### [Task to carry out]
For this exercise, return all the data word for word, with images left out.

### [Data below]
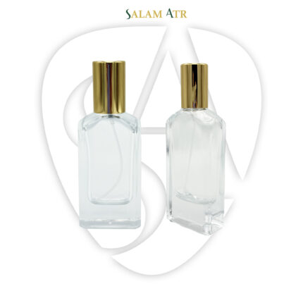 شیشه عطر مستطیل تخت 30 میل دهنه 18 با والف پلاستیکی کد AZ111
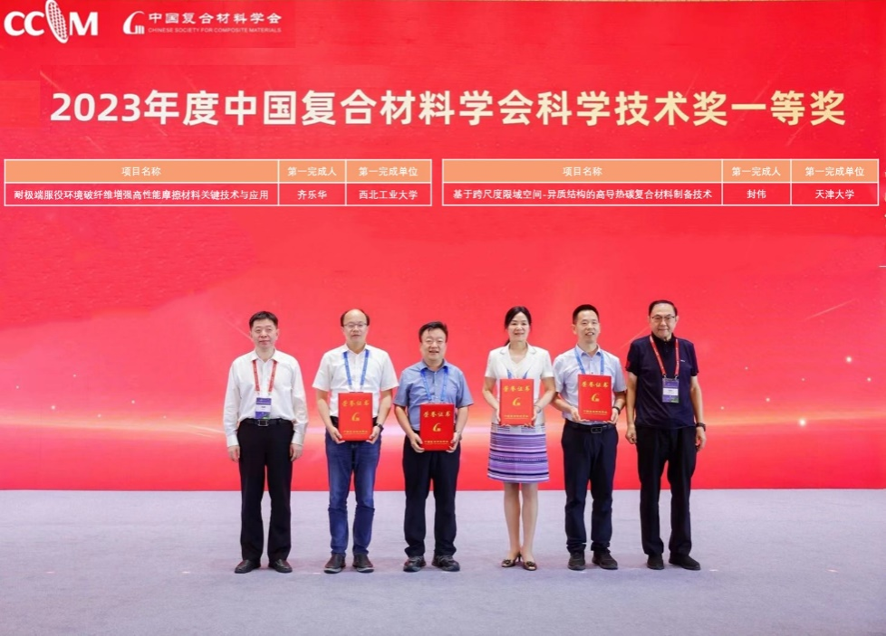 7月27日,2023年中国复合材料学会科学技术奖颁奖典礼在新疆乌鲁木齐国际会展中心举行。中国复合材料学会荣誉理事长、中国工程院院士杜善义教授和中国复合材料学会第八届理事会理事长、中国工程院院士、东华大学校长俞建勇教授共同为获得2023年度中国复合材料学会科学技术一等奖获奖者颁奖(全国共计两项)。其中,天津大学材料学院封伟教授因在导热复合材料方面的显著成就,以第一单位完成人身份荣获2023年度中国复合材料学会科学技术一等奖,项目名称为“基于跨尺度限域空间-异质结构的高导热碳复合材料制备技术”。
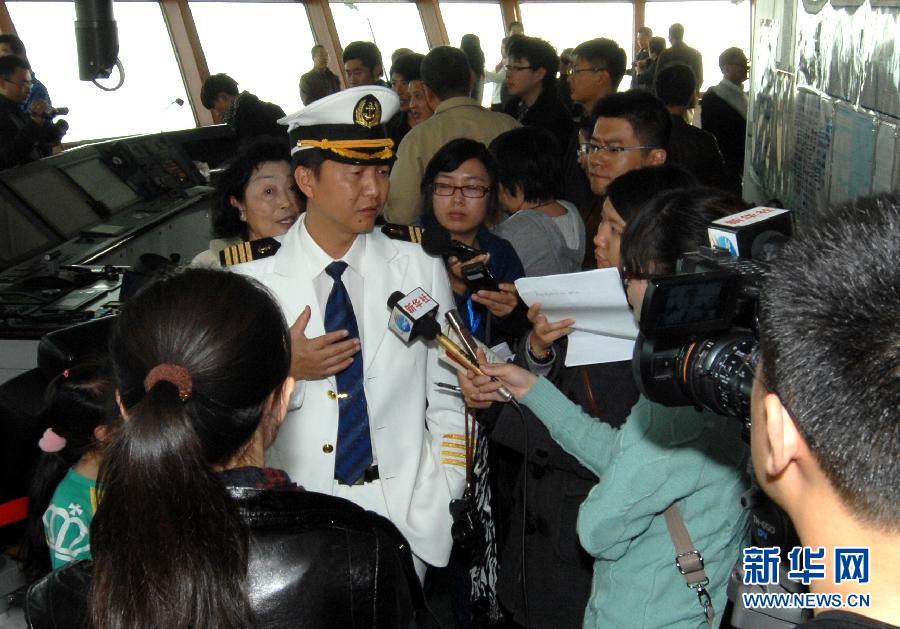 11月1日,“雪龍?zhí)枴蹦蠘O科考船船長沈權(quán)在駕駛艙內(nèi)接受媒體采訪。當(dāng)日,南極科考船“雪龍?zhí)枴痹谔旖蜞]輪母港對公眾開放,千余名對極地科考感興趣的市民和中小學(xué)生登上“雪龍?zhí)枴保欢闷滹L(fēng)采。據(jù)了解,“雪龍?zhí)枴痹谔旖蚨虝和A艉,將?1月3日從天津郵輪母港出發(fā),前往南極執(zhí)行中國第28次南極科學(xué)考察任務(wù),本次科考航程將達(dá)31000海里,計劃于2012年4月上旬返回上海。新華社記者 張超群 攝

### [Answer to the problem]
 شیشه عطر مستطیل تخت 30 میل دهنه 18 با والف پلاستیکی کد AZ111
 7月27日,2023年中国复合材料学会科学技术奖颁奖典礼在新疆乌鲁木齐国际会展中心举行。中国复合材料学会荣誉理事长、中国工程院院士杜善义教授和中国复合材料学会第八届理事会理事长、中国工程院院士、东华大学校长俞建勇教授共同为获得2023年度中国复合材料学会科学技术一等奖获奖者颁奖(全国共计两项)。其中,天津大学材料学院封伟教授因在导热复合材料方面的显著成就,以第一单位完成人身份荣获2023年度中国复合材料学会科学技术一等奖,项目名称为“基于跨尺度限域空间-异质结构的高导热碳复合材料制备技术”。
 11月1日,“雪龍?zhí)枴蹦蠘O科考船船長沈權(quán)在駕駛艙內(nèi)接受媒體采訪。當(dāng)日,南極科考船“雪龍?zhí)枴痹谔旖蜞]輪母港對公眾開放,千余名對極地科考感興趣的市民和中小學(xué)生登上“雪龍?zhí)枴保欢闷滹L(fēng)采。據(jù)了解,“雪龍?zhí)枴痹谔旖蚨虝和A艉,將?1月3日從天津郵輪母港出發(fā),前往南極執(zhí)行中國第28次南極科學(xué)考察任務(wù),本次科考航程將達(dá)31000海里,計劃于2012年4月上旬返回上海。新華社記者 張超群 攝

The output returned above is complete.